JMA/Kodjo Adédzé: « L’accréditation est l’un des piliers de l’infrastructure de la qualité »

Le ministre de la Commerce, de l’Industrie et de la Consommation locale, M. Devon Tépé Kodjo Adedze, rappelle à l’occasion de la 14ème Journée Mondiale de l’Accréditation ( JMA), qu’elle est commémorée dans le « but de faire rayonner partout dans le monde l’importance des activités d’accréditations pour l’économie mondiale et le rôle joué par celle-ci pour répondre aux besoins de tous les secteurs ».

Chaque 9 juin est célébrée la journée mondiale de l’accréditation. Le thème choisi cette année est « L’accréditation supporte la mise en œuvre des objectifs de développement durable ».

Selon le ministre, « Ce thème vient à point nommé car notre pays est fortement engagé dans la mise en œuvre des dix-sept (17) ODD avec ses cent soixante-neuf (169) cibles définis par l’Organisation des Nations Unies (ONU) », surtout que, enchaîne-t-il, elle « est une procédure par laquelle une instance habilitée reconnaît formellement la compétence d’un organisme ou d’une personne à mener des tâches particulières.
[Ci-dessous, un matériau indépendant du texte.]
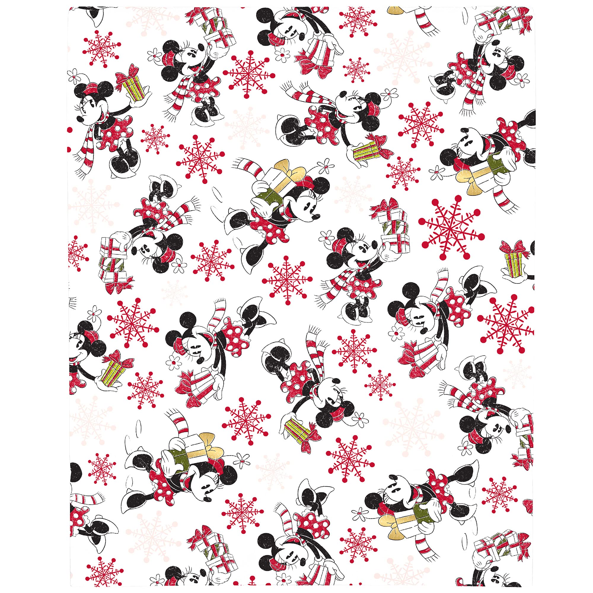 Ring in the holidays with Disney's festive Minnie Mouse Fitted Crib Sheet! Complement your holiday decor as Minnie Mouse is delivering Christmas presents with snowflakes falling. Featured in shades of raspberry red, black, pink, and white. Lovely fabrics are so soft on baby's skin. Has full elastic edges for a safe and snug fit. Measures 28" x 52" x 8" and fits a standard size crib/toddler mattress. Machine washable for easy care!

Elle est l’un des piliers fondamentaux de l’infrastructure de la qualité », relevant en outre qu’ « Elle est l’un des piliers fondamentaux de l’infrastructure de la qualité ».

De façon générale, l’accréditation permet la fourniture des bases techniques et opérationnelles essentielles au fonctionnement de la société. Elle soutient les programmes de développement des Etats en commerce transfrontalier, sécurité alimentaire, sécurité sanitaire des aliments, santé, protection de l’environnement, développement industriel et infrastructures.

De plus, l’accréditation fournit une plateforme de confiance pour la définition, le développement et la vérification des exigences relatives aux produits et services, contribuant ainsi à garantir et à démontrer que ceux-ci répondent aux normes spécifiques.

Raison pour laquelle, « En matière de commerce, l’article 8, de l’annexe 6, de l’accord relatif à la ZLECAf, recommande le recours aux organismes d’évaluation de la conformité accrédités comme outils de facilitation des échanges entre les Etats membres de l’Union Africaine », relève également Kodzo Adédzé dans son message.

Le Système ouest africain d’accréditation (SOAC), couvrant les besoins des huit (8) Etats membres dans le domaine, permet la réduction des coûts élevés d’accréditation des différents organismes d’évaluation de la conformité (OEC) de nos pays imposés par des organismes d’accréditation étrangers.

Au Togo, il est adopté la loi cadre n° 2009-016 du 12 août 2009 pour sa promotion en créant la Haute autorité de la qualité et de l’environnement (HAUQE) et ses structures techniques notamment le Comité Togolais d’Agrément (COTAG), entre autres.